┌────────

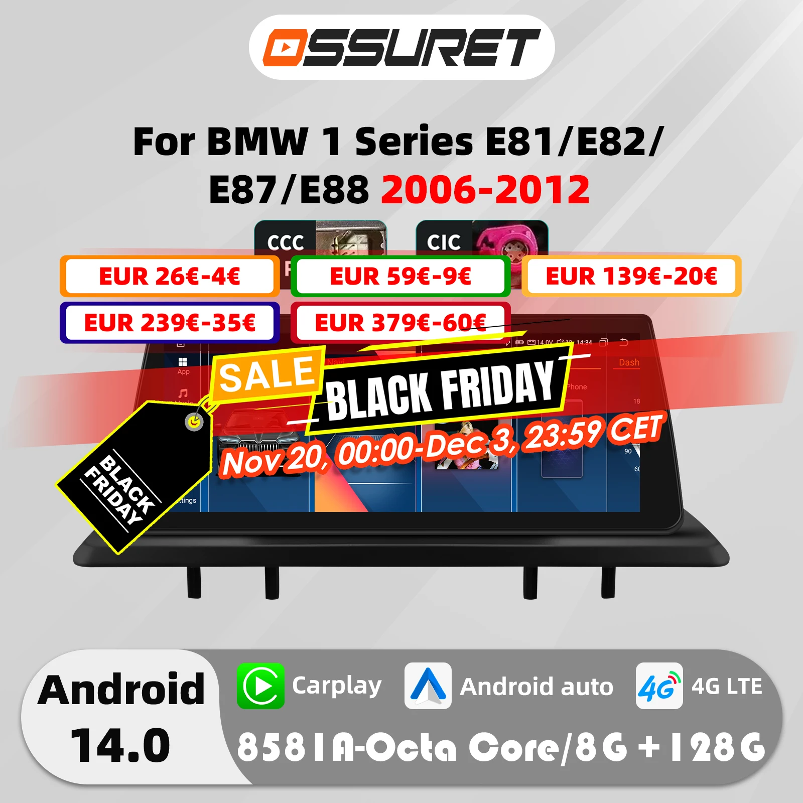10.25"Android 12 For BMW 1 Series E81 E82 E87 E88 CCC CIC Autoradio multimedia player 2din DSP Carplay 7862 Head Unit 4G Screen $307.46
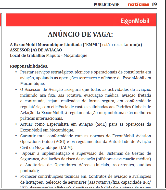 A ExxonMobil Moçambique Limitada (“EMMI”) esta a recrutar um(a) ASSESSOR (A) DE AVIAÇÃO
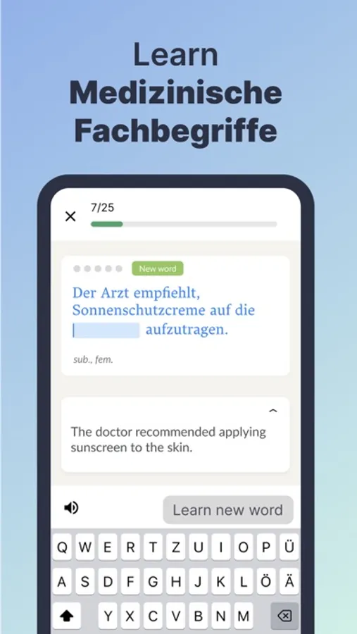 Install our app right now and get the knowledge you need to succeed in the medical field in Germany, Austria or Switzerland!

└────────
┌────────

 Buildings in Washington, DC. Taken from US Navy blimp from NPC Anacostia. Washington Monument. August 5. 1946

└────────

DIRECTIONS:
The lines above starting at the one that holds "A ExxonMobil Moçambique" and ending at the one that holds "Install our app" are to be written out exactly, ends included, and no pictures are to be copied.

TASK ANSWER:
 A ExxonMobil Moçambique Limitada (“EMMI”) esta a recrutar um(a) ASSESSOR (A) DE AVIAÇÃO
 Install our app right now and get the knowledge you need to succeed in the medical field in Germany, Austria or Switzerland!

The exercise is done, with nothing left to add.